What to produce
Going line by line through the records below, write out everything starting with the line containing "Klikamy na Moje" and going on through the line containing "2018年佛光園遊會, 63", exactly and inclusively. Pictures do not go in.

Records supplied
****************************************

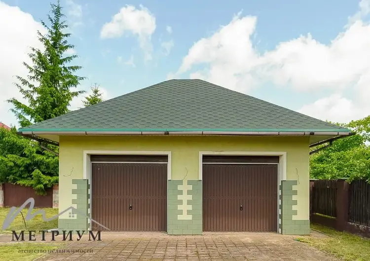 Во дворе отдельный гараж 49 кв.м. с подъемными воротами, на два автомобиля.
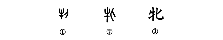這個“牝”(pìn聘)字是一個會意字。甲骨文①的左邊是個“牛”,右邊的“匕”是個雌性符號。從甲骨文的其它文字看,凡是表示母羊、母豬、母馬、母鹿的字都有這個雌性符號。②是小篆的形體,其左仍然是“牛”但是其右的雌性符號變得與甲骨文的雌性符號相反,像個反“刀”形。③是楷書的形體,是直接由小篆變來的。
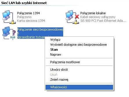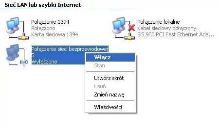 Klikamy na Moje miejsca sieciowe a następnie Wyświetl połączenia sieciowe. Zaznaczamy Połączenie sieci bezprzewodowej i z menu kontekstowego dostępnego pod prawym przyciskiem myszki wybieramy opcję Włącz (jeśli jest wyłączone).:
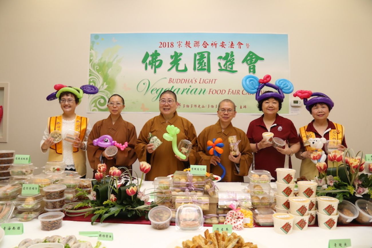 2018年佛光園遊會, 63個園遊攤位,匯集180種各地美食,攤位集中,便於選購。而且全是由佛光義工愛心自製、加工,食材新鮮,安全可靠。除了已有相當口碑的素小魚乾、海苔花生、台式素粽、台式炒米粉、麵線糊、素翅羹、楊枝甘露、素紮蹄、孜然烤串…等招牌食物,佛光義工也不斷的嘗試創新,推出許多有機、養生的食品和點心。
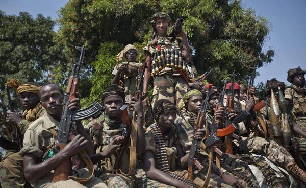 Chadian soldiers ride on a truck in a large convoy of other Chadian soldiers who are fighting in support of Central African Republic president Francois Bozize, and are pictured in January, 2013. France has sent troops to defend the Central African Republic’s airport following heightened hostilities from the rebels.Ben Curtis/The Associated Press
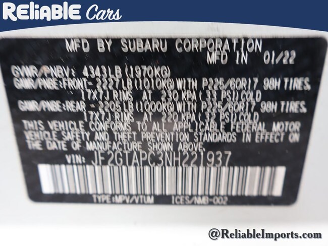 - VIN : JF2GTAPC3NH221937
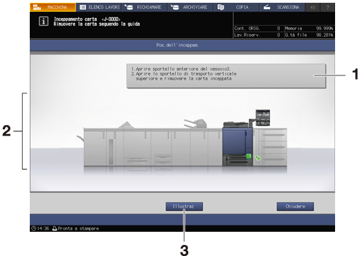 1 | Area messaggi | Spiega con un testo il processo di rimozione della carta inceppata, come indicato nelle illustrazioni. |
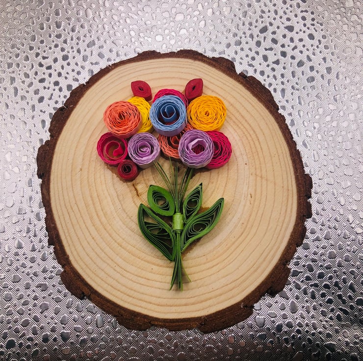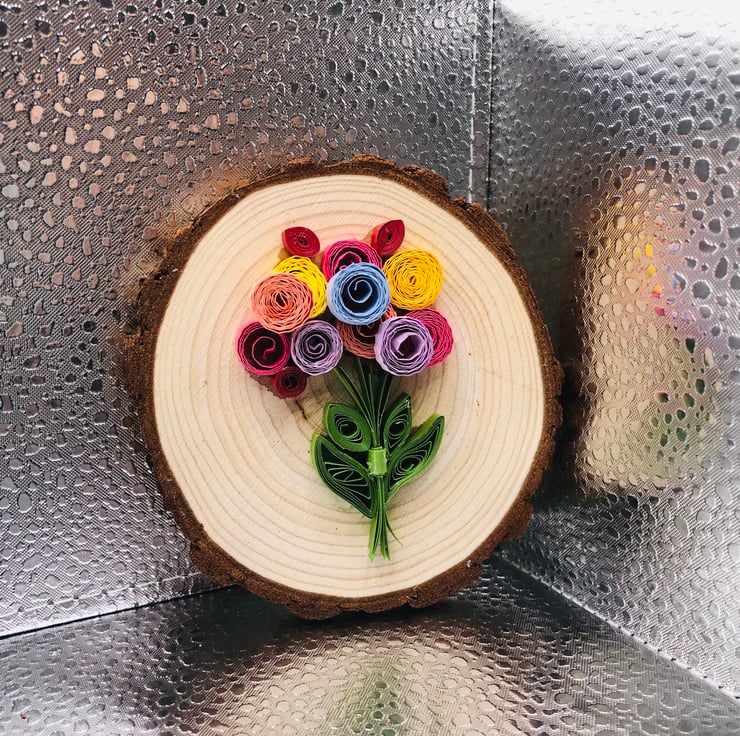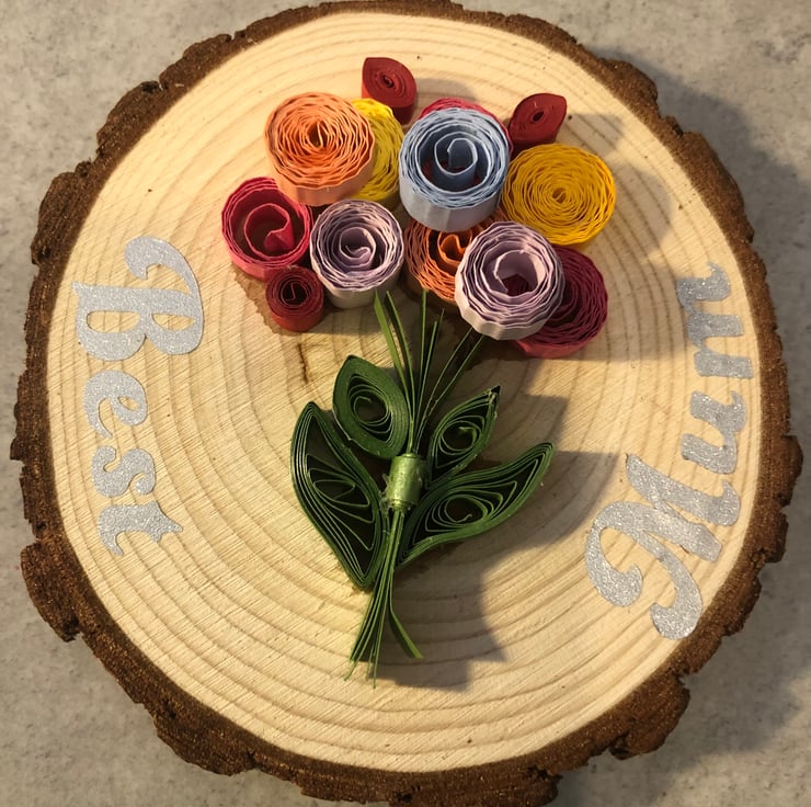 This is a wooden slice approximately 4 ins with quilled bouquet of flowers all made from paper . It’s a lovely little gift for someone . I can add mum,teacher,friend,or a name for or a sentiment like happy birthday for example on the front or back . The back is blank but can add a small message. Lovely token gift for teacher friend or family .

****************************************

Task solution
 Klikamy na Moje miejsca sieciowe a następnie Wyświetl połączenia sieciowe. Zaznaczamy Połączenie sieci bezprzewodowej i z menu kontekstowego dostępnego pod prawym przyciskiem myszki wybieramy opcję Włącz (jeśli jest wyłączone).:
 2018年佛光園遊會, 63個園遊攤位,匯集180種各地美食,攤位集中,便於選購。而且全是由佛光義工愛心自製、加工,食材新鮮,安全可靠。除了已有相當口碑的素小魚乾、海苔花生、台式素粽、台式炒米粉、麵線糊、素翅羹、楊枝甘露、素紮蹄、孜然烤串…等招牌食物,佛光義工也不斷的嘗試創新,推出許多有機、養生的食品和點心。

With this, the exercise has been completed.